Mothers-in-law are familiar figures in jokes, stories, and culture. They are everywhere. Yet it is interesting to note that, to date, and even though the mother-in-law figure is an ever-present figure in life and an important part of our social and cultural history, it would seem that there are no published academic books on representations of the mother-in-law from the angle suggested in this cfp.

It would indeed be most interesting to discover how the mother-in-law is represented in the popular and social culture as explored in British/ American/ Australian/ and European literature, film, and television. (Examples that come immediately mind are small screen productions such as Downton Abbey and the BBC production Upstairs Downstairs, and the Australian-American film Monster-in-Law, as well as  two Australian novels, Confessions of a Once Fashionable Mum, by Georgia Madden, and The Unknown Woman by Jaqueline Nunn).

Potential questions to be addressed include but are not limited to:-

  • What is the range of ways in which the mother-in-law is represented in British/ American/ Australian/ and European popular culture?
  • Is it possible to identify contemporary writers of popular culture in British/ American/ Australian/ and European literature, film, and television, who predominantly engage in a practice of centring their work on representations of the mother-in-law?

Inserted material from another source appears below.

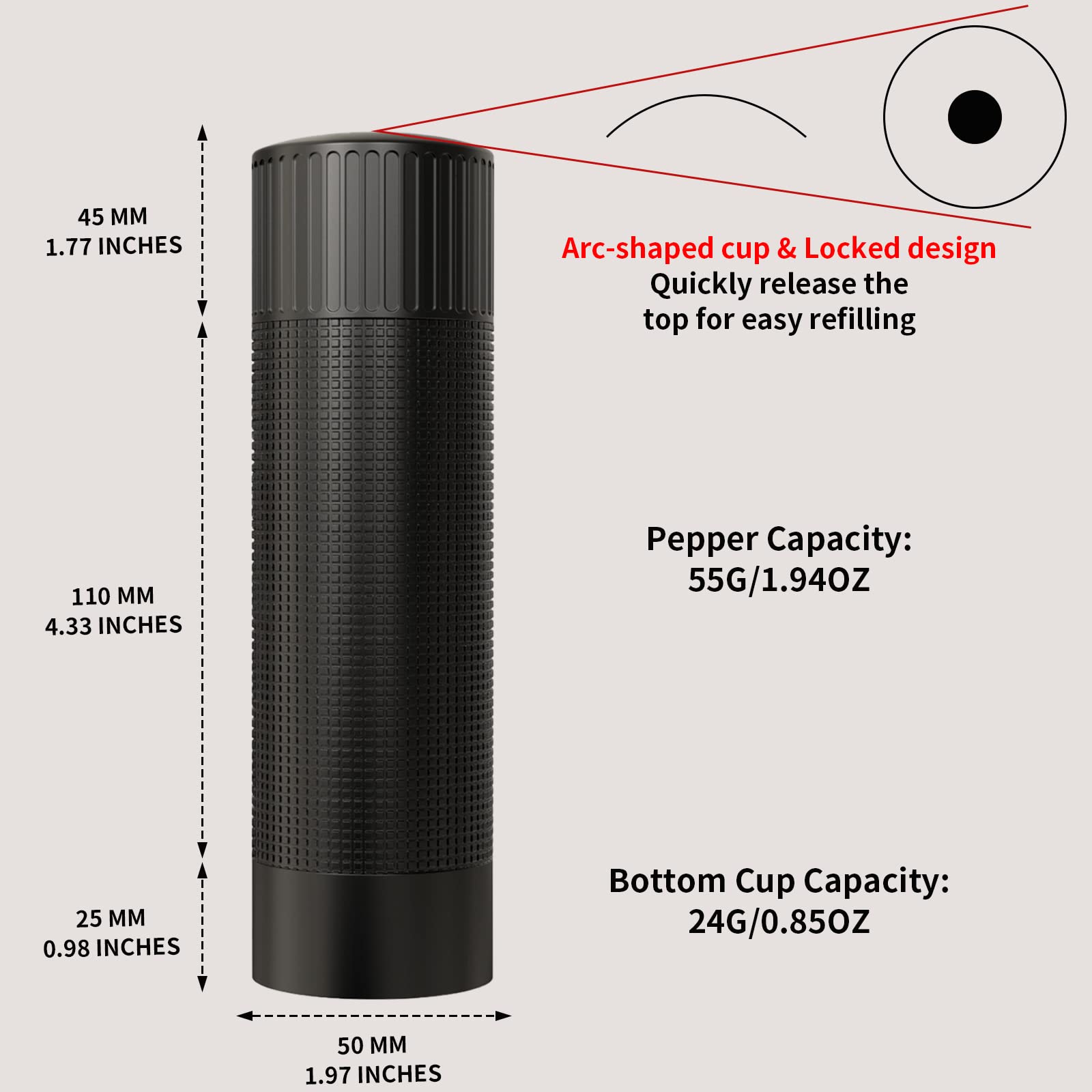 - 【Quick Release Top&Base Cup Storage】The spice grinder with top button lock design,just pressing the button gently to remove and secure the lid ,which make refill more easily and safety, avoiding the trouble of rotation. The bottom storage tank can be used to store pepper and help keep the pepper fresh and the kitchen clean;

Do any of these writers, (if any), illuminate individual representations of the mother-in-law in a new and innovative way?
  • How might the mother-in-law be represented across the British/ American/ Australian/ and European cultures, and what are the common factors if any? How do class, ethnicity, and race shape these representations?
  • Are there cultural or socially historical antecedents for consideration of representations of the mother-in-law in popular culture, as explored in British/ American/ Australian/ and European literature, film, and television?
  • Is there a difference between the ways in which the mother-in-law is represented in cinematic film to that in small screen, and between those mediums to representations in literature? Or in these representations, is there a reasonably broad consensus between these genres?
  • What are the distinctions between how the mother-in-law has been typically represented in jokes and anecdotes, to that in popular and social culture as explored in British/ American/ Australian/ and European literature, film, and television?
  • How often, if at all, are these representations told from the point-of-view of the mother-in-law herself?
  • As well, are there examples of representations of the wonderfully successful mother-in-law?

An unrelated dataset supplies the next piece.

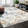 Abani Porto PRT120A Contemporary Swirl Light Blue and Burnt Orange Area Rug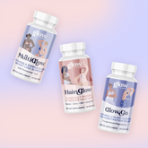 - Choose any 2 of 3 Glow Supplements (MultiGlow vitamin, Hair Glow vitamin, GlowGo supplement) - even 2 of same

This collection of scholarly essays will make an interesting intervention in the field by fulfilling a number of aims. It will: be the first of its kind to explore whether or not there are characteristic features and definitions within the representations of the mother-in-law in popular culture; document and record how our western societies perceive and represent the socially important figure of the mother-in-law in film and literary works; establish a new and dynamic area of theoretical research in social history, and point the way to possible future work in an ever-expanding field through examining various representations of the mother-in-law in popular culture; permit scholarly consideration of the extent to which Anglophone writers establish popular representations of a figure who is an intrinsic part of the western culture as a whole.

Submission Instructions.

Abstracts should be no more than 500 words in total, 1.5 spaced, written in Times New Roman point 12, justified, and follow the style and format  given M.L.A. Handbook (6th -7th edition).  At the top of your abstract, after the word “Keywords,” please add five keywords for you abstract. Full-length chapters (6000 words each) will be solicited from these abstracts.

Please submit a short biographical note with your covering letter.

Papers should be forwarded to:

Jo Parnell Jo.Parnell@newcastle.edu.au or, alternatively, to joandbobparnell@bigpond.com

Deadline for abstracts: July 30, 2016.

Editor:

Dr Jo Parnell, Conjoint Fellow, Faculty of Education and the Arts, School of Humanities and Social Science, University of Newcastle, Australia.